→ Recorded data
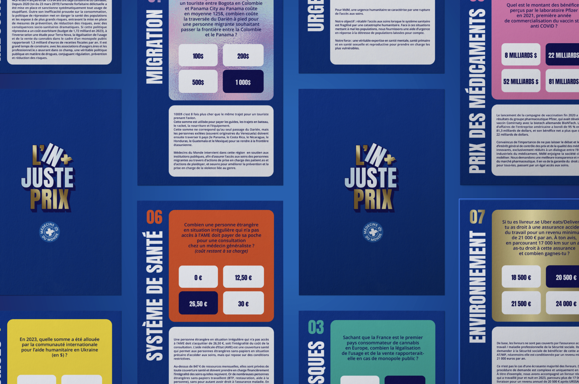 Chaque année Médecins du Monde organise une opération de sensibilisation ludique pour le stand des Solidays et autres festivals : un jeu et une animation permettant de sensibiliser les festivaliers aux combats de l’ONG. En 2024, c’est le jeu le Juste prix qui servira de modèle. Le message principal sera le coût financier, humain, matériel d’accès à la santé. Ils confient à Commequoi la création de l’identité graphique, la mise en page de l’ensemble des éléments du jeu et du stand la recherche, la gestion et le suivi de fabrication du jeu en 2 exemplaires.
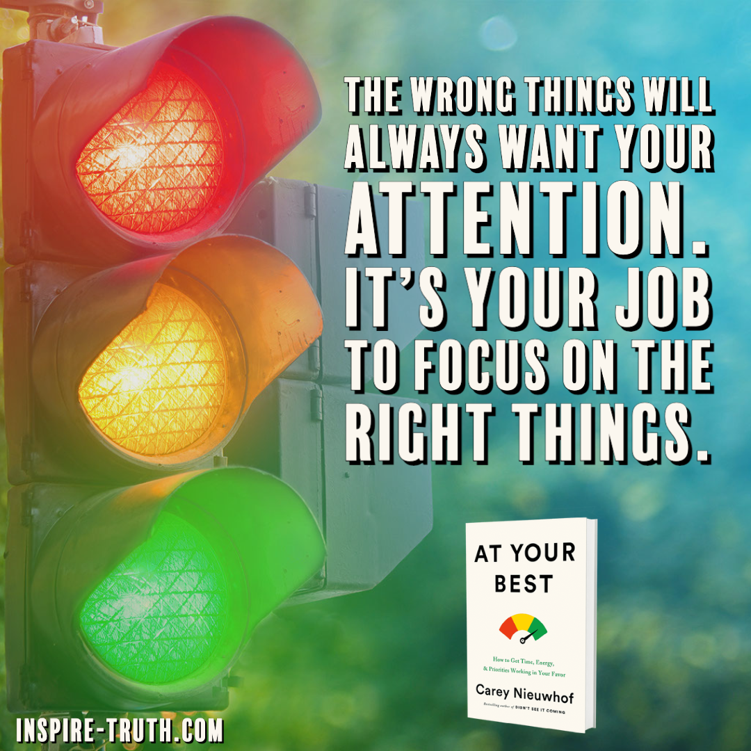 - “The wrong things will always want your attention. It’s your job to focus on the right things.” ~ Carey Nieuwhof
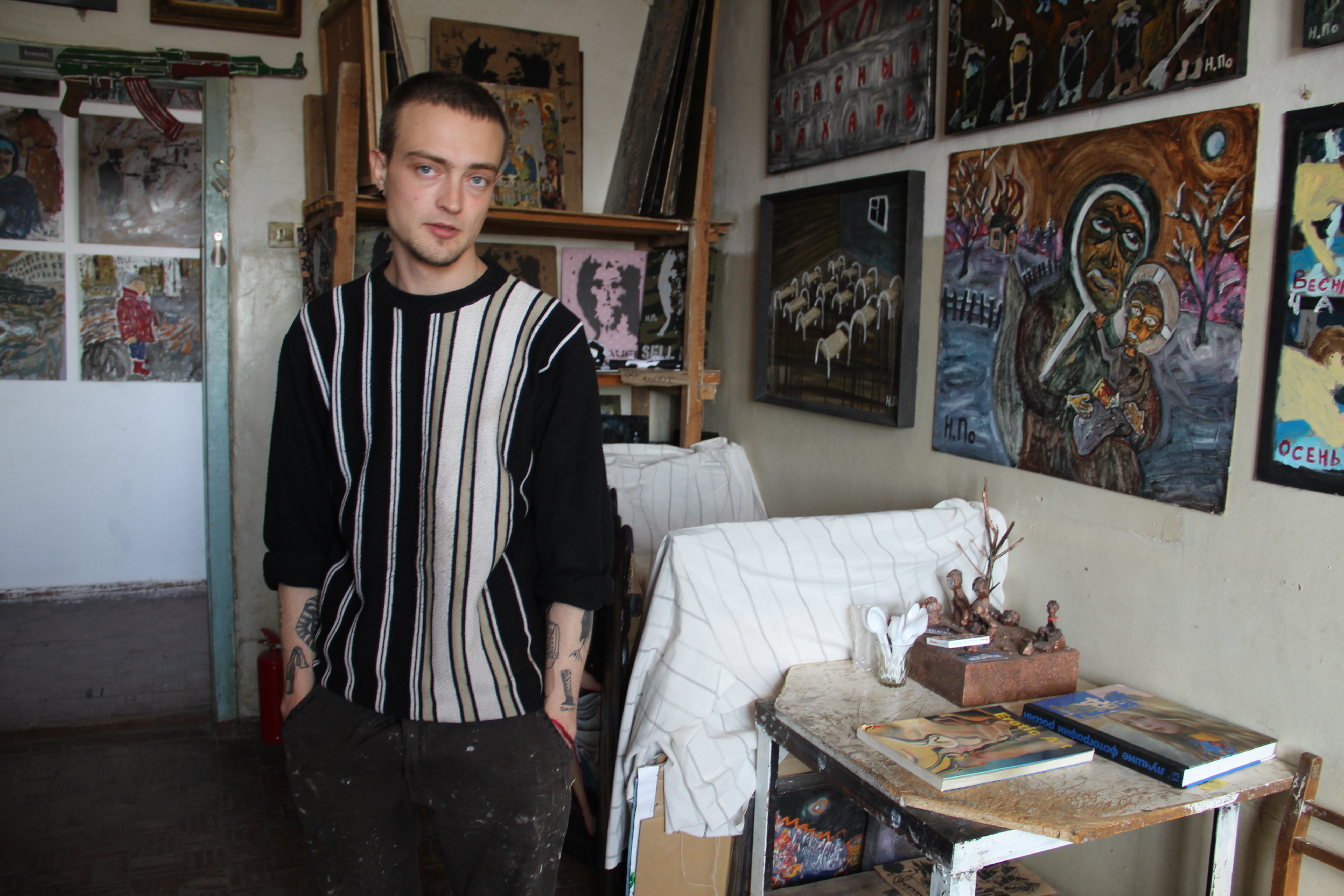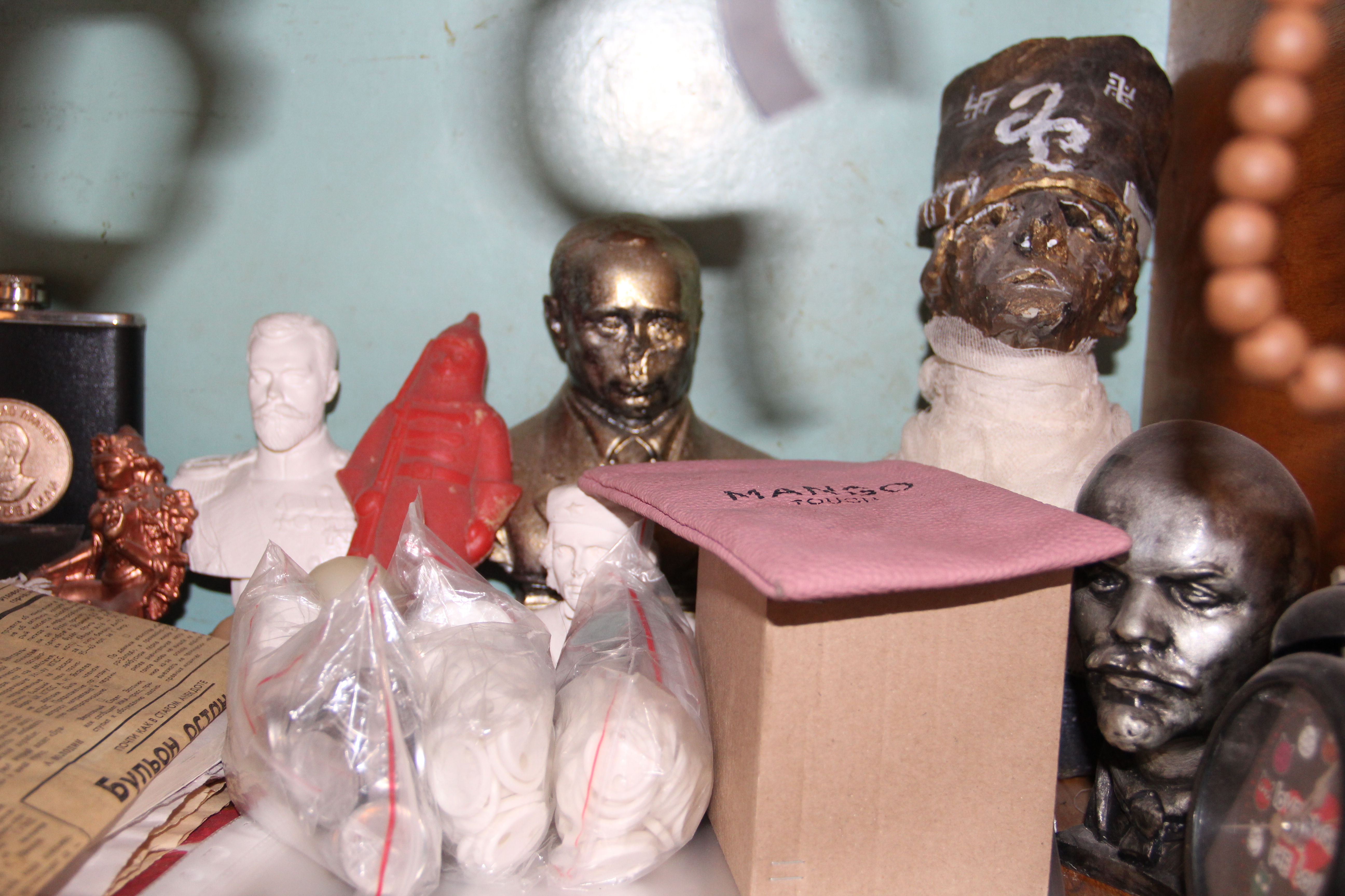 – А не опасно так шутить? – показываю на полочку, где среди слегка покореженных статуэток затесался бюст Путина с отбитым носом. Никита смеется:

→ Work to be completed
Copy the material above word for word, images excluded.

→ Your solution
 Chaque année Médecins du Monde organise une opération de sensibilisation ludique pour le stand des Solidays et autres festivals : un jeu et une animation permettant de sensibiliser les festivaliers aux combats de l’ONG. En 2024, c’est le jeu le Juste prix qui servira de modèle. Le message principal sera le coût financier, humain, matériel d’accès à la santé. Ils confient à Commequoi la création de l’identité graphique, la mise en page de l’ensemble des éléments du jeu et du stand la recherche, la gestion et le suivi de fabrication du jeu en 2 exemplaires.
 - “The wrong things will always want your attention. It’s your job to focus on the right things.” ~ Carey Nieuwhof
 – А не опасно так шутить? – показываю на полочку, где среди слегка покореженных статуэток затесался бюст Путина с отбитым носом. Никита смеется:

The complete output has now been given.